What if it just is the case that AI will be dangerous for reasons that current systems don’t exhibit, and hence we don’t have empirical data on? If that’s the case, then limiting our concerns to only concepts that can be empirically tested seems like it means setting ourselves up for failure.
I’m not sure what one is supposed to do with a claim that can’t be empirically tested—do we just believe it/act as if it’s true forever? Wouldn’t this simply mean an unlimited pause in AI development (and why does this only apply to AI)?
In principle, we do the same thing as with any claim (whether explicitly or otherwise): - Estimate the expected value of (directly) testing the claim. - Test it if and only if (directly) testing it has positive EV.
The point here isn’t that the claim is special, or that AI is special—just that the EV calculation consistently comes out negative (unless someone else is about to do something even more dangerous—hence the need for coordination).
This is unusual and inconvenient. It appears to be the hand we’ve been dealt. I think you’re asking the right question: what is one supposed to do with a claim that can’t be empirically tested?
No deceptive or dangerous AI has ever been built or empirically tested. (1)
Historically AI capabilities have consistently been “underwhelming”, far below the hype. (2)
If we discuss “ok we build a large AGI, give it persistent memory and online learning, and isolate it in an air gapped data center and hand carry data to the machine via hardware locked media, what is the danger” you are going to respond either with:
“I don’t know how the model escapes but it’s so smart it will find a way” or (3)
“I am confident humanity will exist very far into the future so a small risk now is unacceptable (say 1-10 percent pDoom)”.
and if I point out that this large ASI model needs thousands of H100 accelerator cards and megawatts of power and specialized network topology to exist and there is nowhere to escape to, you will argue “it will optimize itself to fit on consumer PCs and escape to a botnet”. (4)

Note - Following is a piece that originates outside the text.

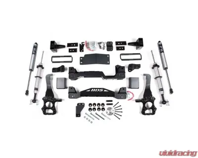 Prepare to get your 2015-2020 Ford F150 4WD truck dirty after installing a 6-inch lift kit with FOX 2.0 struts by BDS Suspension. Designed to improve stance the BDS 6 inch lift kit with FOX 2.0 front struts give more capability off-road. This kit includes everything necessary to set your F150 truck up right with clearance for up to 37" tires.This kit takes advantage of BDS's tried and true high-clearance design for improved ground clearance, strength, and offroad protection while correcting suspension and steering geometry for great on-road handling characteristics. Up front the kit utilizes FOX 2.0 strut shocks, high-arched 1/4-inch thick steel crossmembers, multipiece differential relocation brackets and skidplate designed for offroad protection. Steering geometry is corrected at the new taller ride height with a pair of massive CNC-machined ductile iron steering knuckles. These combined with the provided sway bar relocation brackets, brake line brackets, alignment cam bolts, supplied hardware and more provide a comprehensive front suspension lift ready for use and abuse.In the rear BDS utilizes high strength fabricated lift blocks and longer u-bolts to lift and level the stance along and NX2 Nitro or optional FOX 2.0 Performance Series shocks.These FOX 2.0 Performance Series coil-over struts bring impressive damper performance for great ride on and offroad capability designed as a direct bolt-in replacement for the factory strut assemblies while retaining the OE coil spring and top plate. They feature a 2.0" extruded and machined 6061 T6 aluminum body for better heat dispersion, along with an internal floating piston (IFP) to eliminate oil aeration, FOX's proprietary internals, 5/8" hard chrome plated heat-treated alloy shaft.BDS maximizes ground clearance with their heavy duty 1/4-inch thick laser cut perfect fit crossmembers. Paired with a front skid plate system that bolts together to create a rigid subframe while adding extra protection.BDS corrects steering geometry at the new taller ride height using a pair of high-strength, CNC machined ductile cast iron steering knuckle design to work with replacement tie rod ends to maintain steering angles for proper function and ESC compatibility.

Have I summarized the arguments?
Like we’re supposed to coordinate an international pause and I see 4 unproven assertions above that have zero direct evidence. The one about humanity existing far into the future I don’t know I don’t want to argue that because it’s not falsifiable.
Thanks I mean more in terms of “how can we productively resolve our disagreements about this?”, which the EV calculations are downstream of. To be clear, it doesn’t seem to me that this is necessarily the hand we’ve been dealt but I’m not sure how to reduce the uncertainty.

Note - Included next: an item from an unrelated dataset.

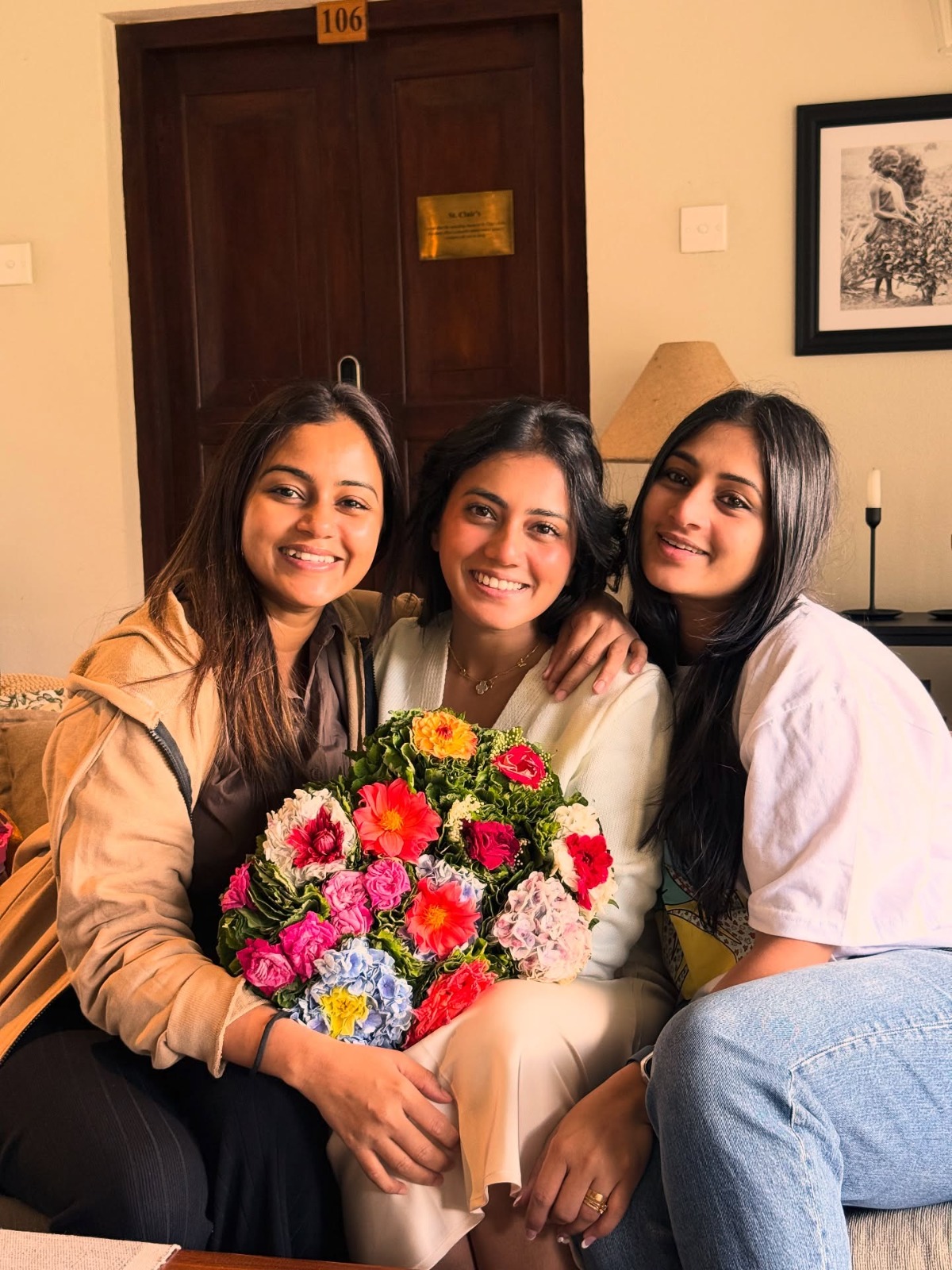 ඉතිං අද උපන්දිනය දවසේ … ලස්සනම ලස්සන මල් පොකුරක් එක්ක ඇයට සුබ පතන්න දිනක්ෂියි , ශෙෂාද්රියි , චූටි සුරංගනාවියෝ දෙන්නයි එකතු වෙලා තිබුණා…

At the risk of sidestepping the question, the obvious move seems to be “try harder to make the claim empirically testable”! For example, in the case of deception, which I think is a central example we could (not claiming these ideas are novel):
Test directly for deception behaviourally and/or mechanistically (I’m aware that people are doing this, think it’s good and wish the results were more broadly shared).
Think about what aspects of deception make it particularly hard, and try to study those in isolation and test those. The most important example seems to me to be precursors: finding more testable analogues to the question of “before we get good, undetectable deception do we get kind of crappy detectable deception?”
Obviously these all run some (imo substantially lower) risks but seem well worth doing. Before we declare the question empirically inaccessible we should at least do these and synthesise the results (for instance, what does grokking say about (2)?).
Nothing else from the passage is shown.